The French and Italian politicians see different futures for the continent. Both face tests in this week’s European Parliament elections.
PARIS—French President Emmanuel Macron and Matteo Salvini, Italy’s deputy prime minister and interior minister, are from the same generation, but more than the Alps divides them.
Macron always wears a suit and tie, and has a penchant for lofty rhetoric and formal ceremonies. Salvini likes sweatshirts that say italia, rails against illegal immigration, and tweets pictures of himself eating Nutella. The differences go beyond style. Their dueling visions for the future of Europe will be tested in elections for the European Parliament this week.
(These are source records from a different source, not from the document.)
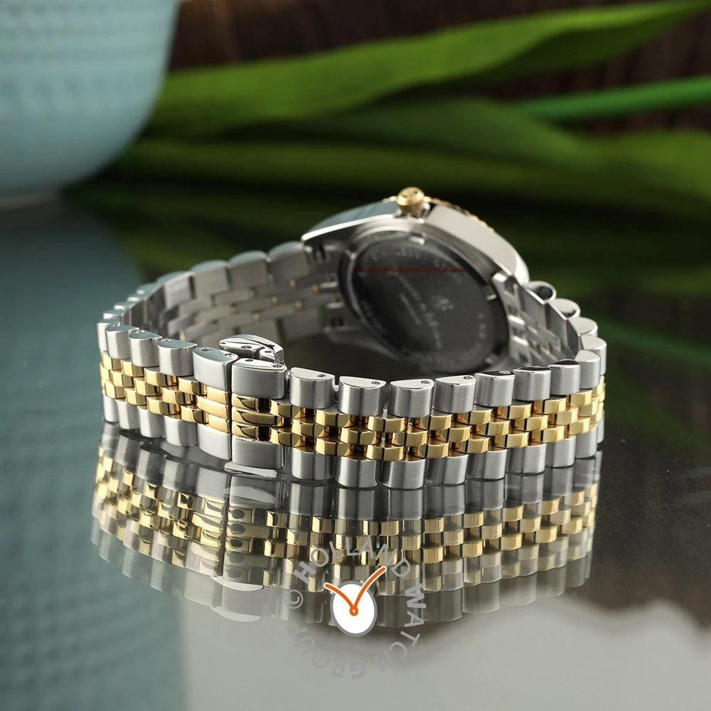 This Jacques du Manoir watch has a case made of stainless steel with a diameter of 31 mm and is fitted with a metal band. Inside the case lies a Ronda movement and the watch features a Mineral crystal.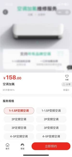 - 服务详情与预约以空调加氟服务为例,详情页展示 158 元的统一价格、好评率和销量,服务规格细分为 1-1.5P 定频 / 变频空调、2P 定频 / 变频空调等多种选项,用户可按需选择并点击 "立即预约"。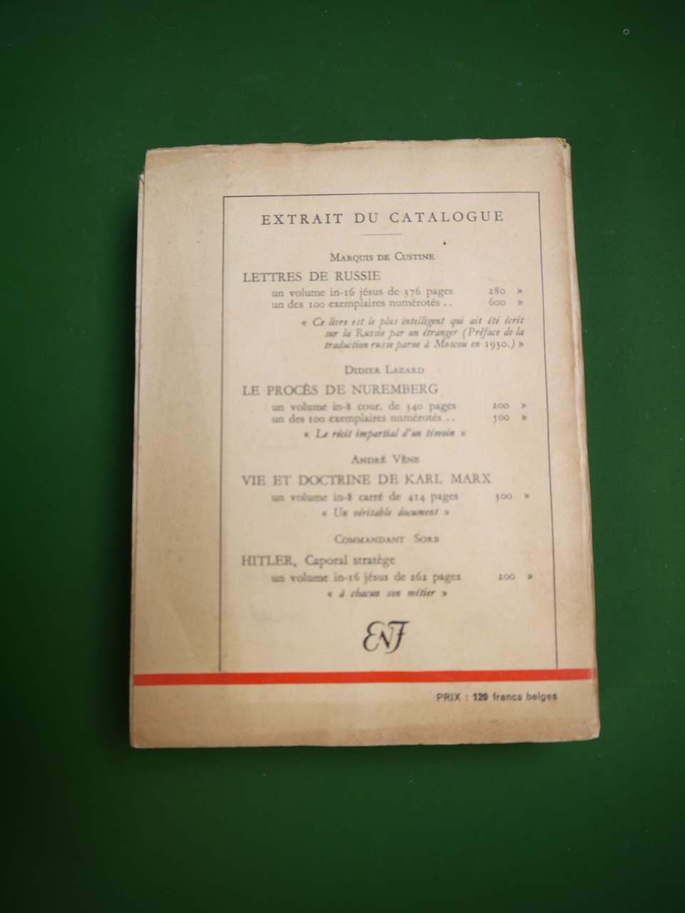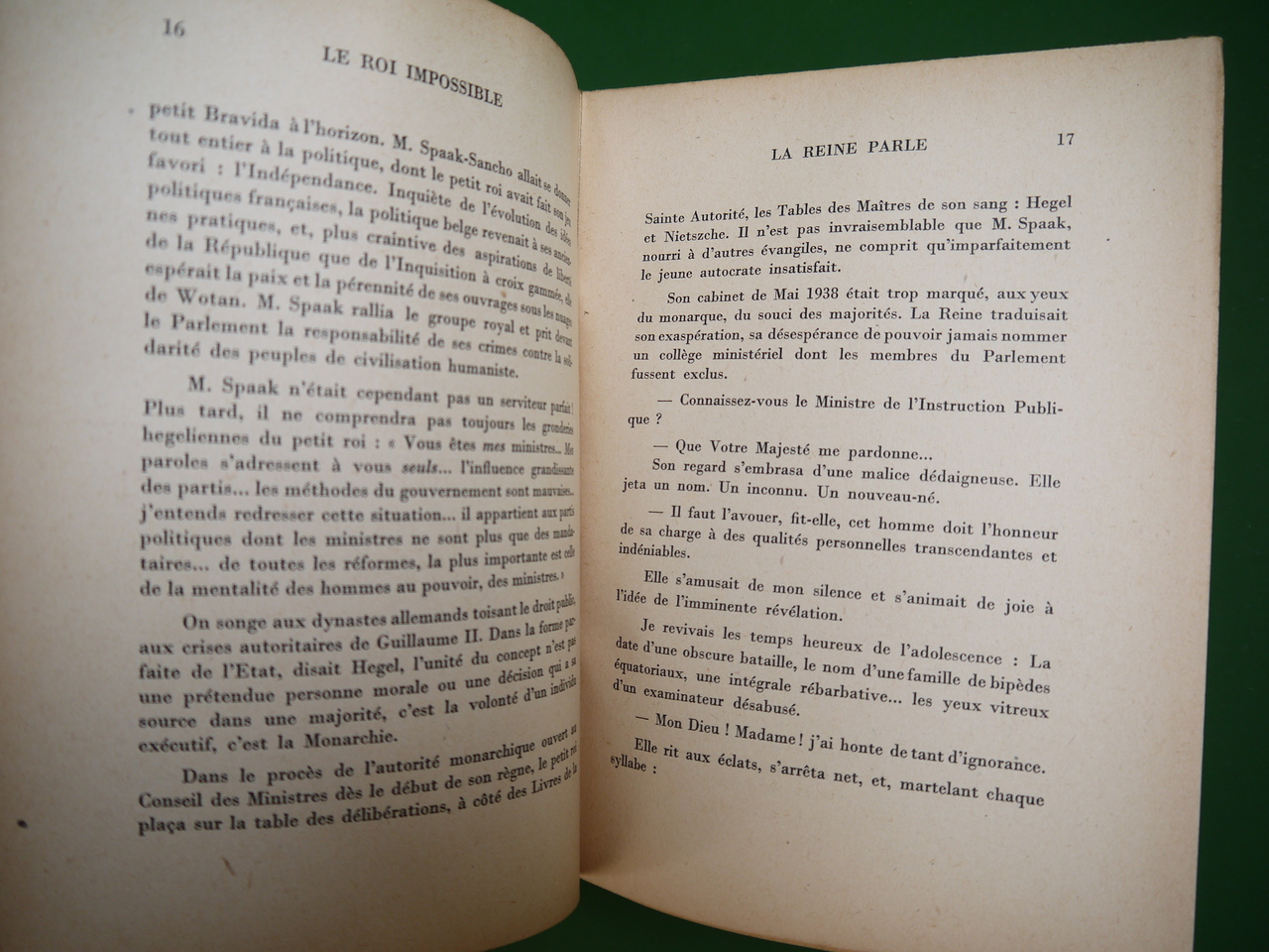 L’auteur, un musicien né à Liège, fut le premier directeur de la Chapelle musicale voulue par la reine Elisabeth. Il ne semble pas pour autant partisan de Léopold III, comme le suggère le titre d’un autre ouvrage « à paraître: Monsieur Pirenne a menti ». Exemplaire non-coupé.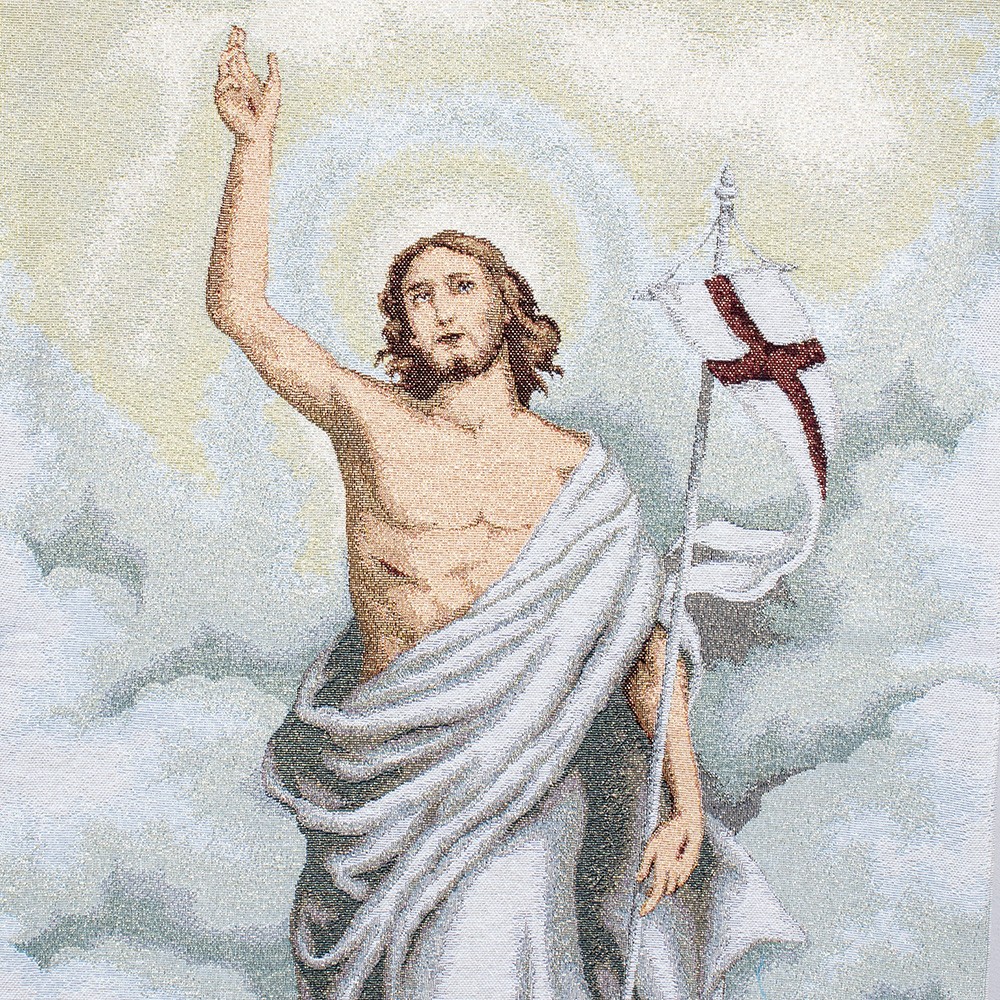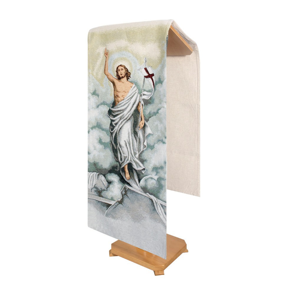 Lectern cover decorated with the image of Risen Jesus Christ.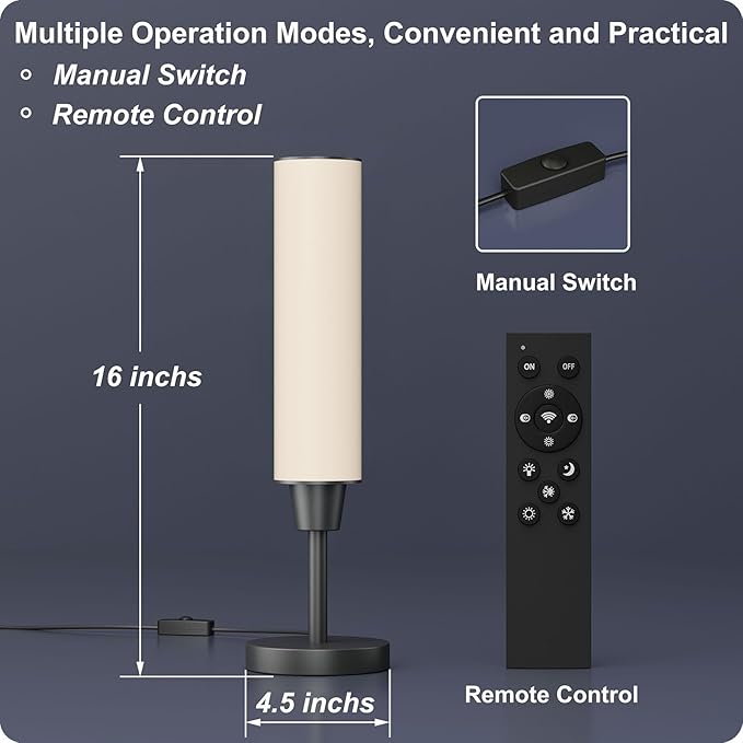 • 【Remote control and manual switch】: With the remote control, you can easily control the table lamp for bedroom within 10 meters, even through the wall. At night, you don't need to search for the nightstand lamp switch in the dark. Just press the "On" button on the remote control lightly. Especially in winter, it's a uncomfortable thing to get out of the warm bed to turn the light on and off. Of course, this table lamps can also be manually turned on and off.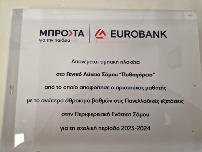 Η μαθήτρια του Γενικού Λυκείου Σάμου (ΓΕΛ) Εύα Αθανασάκη πέτυχε την υψηλότερη βαθμολογία στις Πανελλαδικές Εξετάσεις του 2024 στην Περιφερειακή Ενότητα Σάμου, φέρνοντας μία ακόμα διάκριση για το σχολείο της.
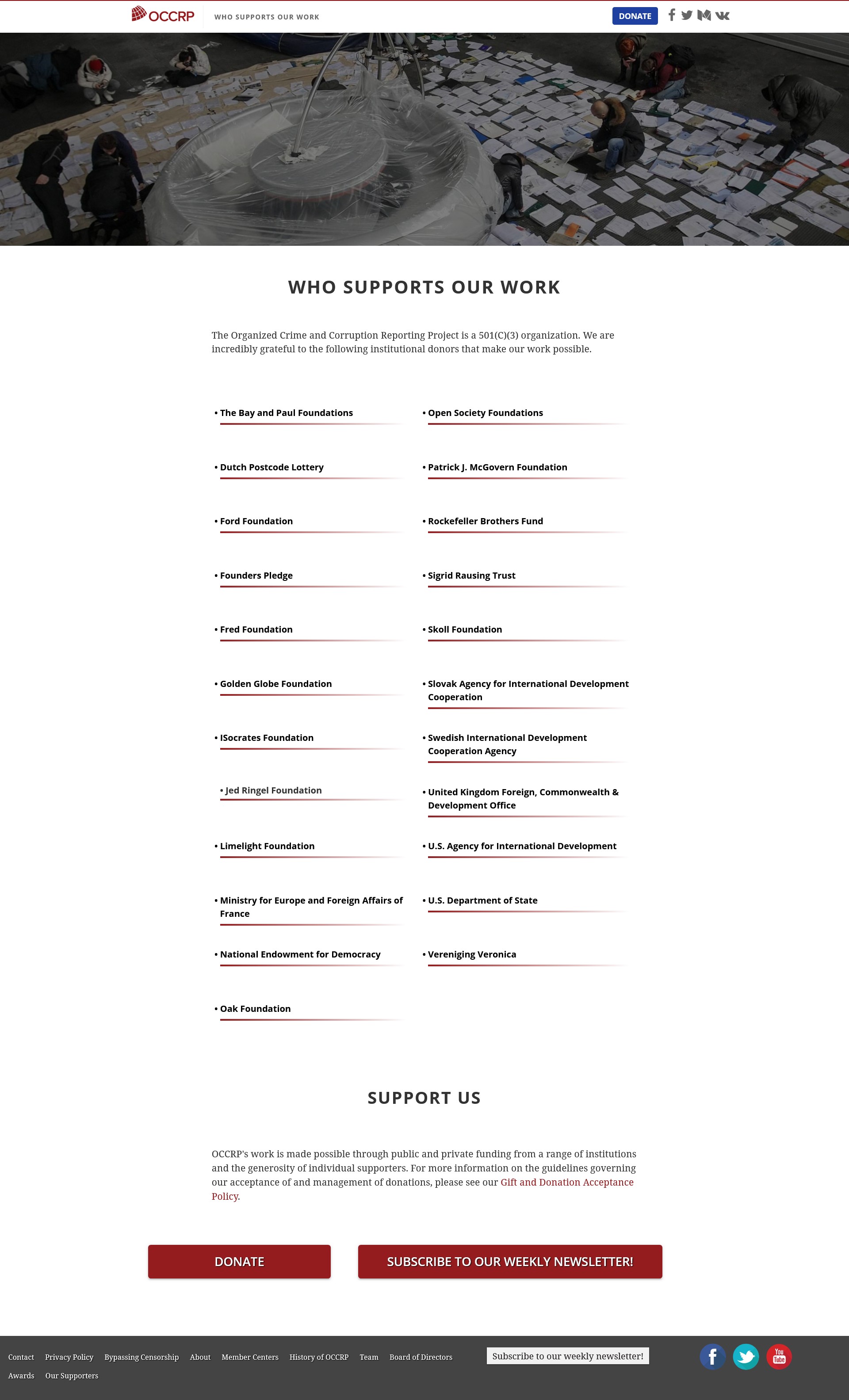 In August 2014 Eliot Higgins said in an interview:Future projects involve working with the OCCRP and Hacks/Hackers London on tracking cross-border crime and corruption.** There is collaboration between Bellingcat, Hacks/Hackers London and the Organised Crime and Corruption Reporting Project (OCCRP).* OCCRP is supported by the Open Society Foundation run by billionaire George Soros, Rockefeller Brothers Fund, Ford Foundation, U.S. Department of State, United Kingdom Foreign, Commonwealth & Development Office, USAID, National Endowment for Democracy, and others.* The Ford and Rockefeller families are two of the richest families on earth with much influence and they are likely some of the main drivers behind all this. USAID is another interesting organization...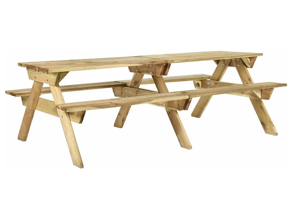 Tento piknikový stůl se skládá z 1 velké stolní desky a 2 pohodlných lavic. Zahradní piknikový stůl, vyrobený z impregnovaného borového dřeva, vyniká dlouhou životností a odolností vůči povětrnostním vlivům.

The Parliament has limited powers and the vote, to be held across the bloc’s 28 countries May 23–26, is generally seen as a test of voter sentiment across member states. But this time more than ever—after Brexit and with Trump rattling the transatlantic alliance—it’s also a test of which Europe will prevail: Macron’s call for a more top-down union that shares responsibilities for borders, defense, and the environment, and maybe more; or Salvini’s euroskeptic one, a “Europe of nations” in which each country retains more sovereignty.
“Political-party competition in the EU and its member states is organized increasingly around a liberal-cosmopolitan internationalist versus conservative-populist nationalist cleavage,” Douglas Webber, a political scientist at France’s INSEAD business school, told me. The far-right parties will do better than ever before, he added, but “it will not turn the whole EU on its head” because the majority in the Parliament is still expected to be pro-European.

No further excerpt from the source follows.